Duplication of the pituitary gland

A 5-year-old girl was referred to the radiology department for investigation of developmental delay and suspected focal seizures. Dysmorphic features included hypertelorism, flat nasal bridge, bifid tongue, cleft lip and palate. She had mild global developmental delay and at the age of 4, she presented with staring events with abnormal oral movements.

A Magnetic Resonance Imaging (MRI) of the brain was performed which showed a complete duplication of the pituitary gland with two posterior pituitary bright spots and paired infundibula, located in two separated infundibular recesses (Fig. 1). There was thickening of the floor of the third ventricle as a result of fusion of the mammillary bodies and the tuber cinereum (Fig. 2). The olfactory bulbs were absent and there was apparent hypertelorism. In addition, a T1- and T2- heterogeneous, tubular mass was identified in the midline frontal region, above the sphenoid bone (Fig. 3). The susceptibility-weighted imaging demonstrated predominantly chemical shift artefact within the lesion, with some presumed blooming artefact suggestive of calcification.

A Computed Tomography (CT) of the brain confirmed a predominantly fatty mass with a small focus of calcification (Fig. 4). These findings were suggestive of a teratoma. No lesion extension into the nasopharynx was observed. The CT also confirmed hypertelorism and a left-sided cleft palate (Fig. 4).

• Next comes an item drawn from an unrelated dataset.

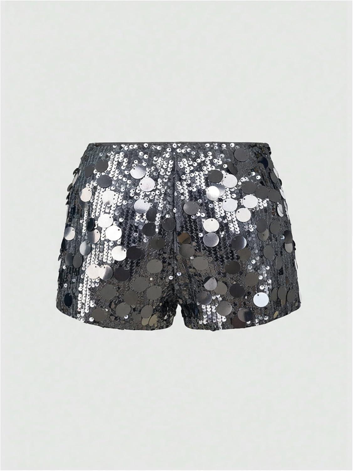 SOLY HUX Women’s Sparkly Sequin Micro Shorts Y2k Low Rise Mini Booty Shorts Rave Clubwear(Pure Dark Grey)

Duplication of the pituitary gland (DPG) is a very rare developmental anomaly with the most recent review reporting 42 cases worldwide [1, 2, 3]. There have been multiple theories proposed in the past to explain the occurrence of DPG. As the notochord induces formation of the pituitary plaque, splitting of the rostral notochord and pre-chordal plate during blastogenesis seems to be the most feasible explanation [1, 3, 4, 5]. The initiating factor for notochordal splitting is unknown although maternal exposure to physical and chemical teratogenic factors or ill health during the sensitive period of organogenesis are considered [5].

The pituitary duplication is almost always associated with other craniofacial developmental abnormalities. Thus, the term DPG-plus syndrome has been proposed by some authors [1, 3]. Pituitary duplication should be considered in all patients who present with midline abnormalities and MRI of the brain is essential for these patients [1, 6]. The most common of these abnormalities are facial dysmorphism such as hypertelorism or lip and palate clefting, bifid tongue, nasopharyngeal mature teratomas, agenesis of the corpus callosum, absence of the olfactory bulbs and abnormalities of the vertebrae. The tubo-mammillary fusion (hypothalamic pseudo-hamartoma) is almost always present and is postulated to be associated with precocious or delayed puberty. Hence, clinical surveillance of pubertal development is recommended by some authors [6].

The management of patients with duplication of the pituitary gland should be multidisciplinary dependent on associated structural abnormalities, like cleft lip and palate, pharyngeal teratoma with or without intracranial extension, abnormalities of pubertal development and intellectual disabilities. Our patient was assessed by geneticists who have advised against further genetic testing as the rarity of this condition means a genetic link is not likely with a normal karyotype and microarray. The 11-month follow-up brain MRI showed a minimal interval increase in the size of the frontal midline mass, otherwise with no significant interval change in appearance.

‘Written informed patient consent for publication has been obtained.’